Open-source project for training, evaluating, assessing and deploying Convolutional Neural Networks (CNNs) for multi-class image classification and segmentation of Digital Mammography (DM) images.





  




The project and code is defined such that it should be easy to use out-of-the-box, given that the project structure is defined as [below](https://github.com/andreped/DMDetect/blob/main/README.md#project-structure).

For instance, I have tested the project both on a local Win10 machine and using Google Colab without any issues, see notebooks/ for jupyter notebook example(s).

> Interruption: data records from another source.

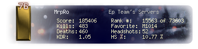 | Headshots | 52 | Suicides | 1 | Headshot / Kill | 10.77 % |
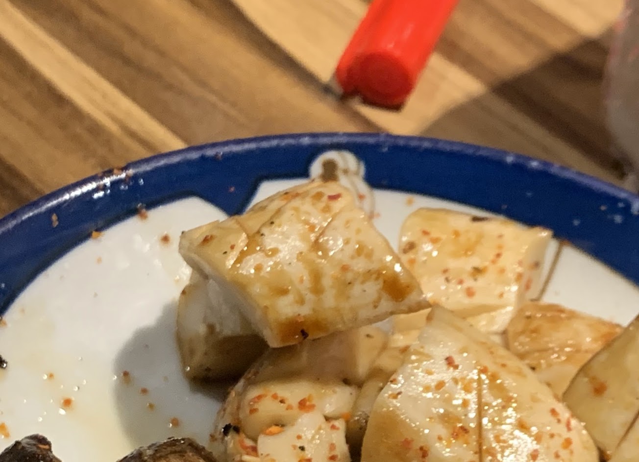 我們上桌要半個小時才上烤物 烤雞心+七里香(七里香2顆$40!)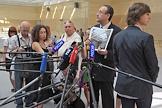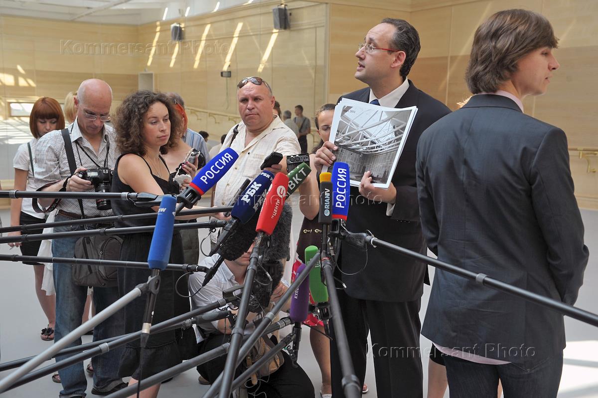 Реконструкция Большого театра. Официальный представитель генерального подрядчика директор Департамента по связям с общественностью Инвестиционной группы "Сумма Капитал" Михаил Сидоров (в центре) и художественный руководитель балетной труппы Сергей Филин (справа) во время встречи с журналистами в театре.

For this project we have used TensorFlow 2.4 (with CUDA 11). This enabled us to experiment with TFRecords and tf.data.Dataset, which is suitable for efficient batch generation during training, as well as GPU-accelerated data augmentation.



## Preliminary results



#### Segmentation



I've trained a ResU-Net++ model, inputting images of 1024x1024 (preserved aspect ratio, vertical axis as reference). The model is trained to perform multi-class semantic segmentation of cancer, mammary gland, pectoral muscle and nipple:



| metrics | cancer | mammary gland | pectoral muscle | nipple | overall |

|---------|--------|---------------|-----------------|--------|---------|

|   DSC   | 0.279  |     0.976     |      0.946      | 0.474  |  0.669  |

|   IOU   | 0.220  |     0.955     |      0.920      | 0.373  |  0.617  |



Due to the downsampling of images, too much information is lost to produce satisfactory tumour segmentation (in terms on DSC/IOU). Improvements can be made by working patch-wise, working with full or higher resolution, but it might degrade performance on other classes, so it depends on the use case.



#### Classification



I've trained a CNN that detects images containing breast cancer tissue. We get quite good results, without really tuning the network or training for long. A summary of the results can be seen below:



|    Classes   |  Precision  |  Recall  |  F1-score  |  Support |   

| -------------|-------------|----------|------------|----------|

|            0 |    0.99     |   0.98   |    0.98    |   9755   |

|            1 |    0.88     |   0.90   |    0.89    |   1445   |

|              |             |          |            |          |

|   Accuracy   |             |          |    0.97    |  11200   |

|  macro avg   |    0.93     |   0.94   |    0.94    |  11200   |

| weighted avg |    0.97     |   0.97   |    0.97    |  11200   |



Reaching a macro-average F1-score of 0.94 is a good start.



## Explainable AI (XAI)



To further assess the performance of the method, XAI was used (in this case [Grad-CAM](https://arxiv.org/abs/1610.02391), using this [repo](https://github.com/sicara/tf-explain)) to see if the method is doing what it should:





  




From this figure, it seems like the model is reacting on the correct part of the image. However, overall the network seems biased towards "always" using the central part of the image, at least as a default, if nothing else is found. This might be suboptimal.



## Open data sets:



#### Classification

The data set used, **DDSM**, can be downloaded from [here](https://www.kaggle.com/skooch/ddsm-mammography/discussion/225969). When downloaded, uncompress and place the folder structure in the data/ folder (see Project structure [below](https://github.com/andreped/DMDetect/blob/main/README.md#project-structure)).



#### Segmentation

The data set we used, **CSAW-S**, can be downloaded from [here](https://zenodo.org/record/4030660#.YHGTJOgzaiN). Place the uncompressed data into the data/ folder in the Project structure, such that the raw data is structured as such: data/CSAW-S/CSAW-S/CsawS/anonymized_dataset/.



## How to use?



Given that you have: 

1. Created a virtual environent (not necessary, but smart to do)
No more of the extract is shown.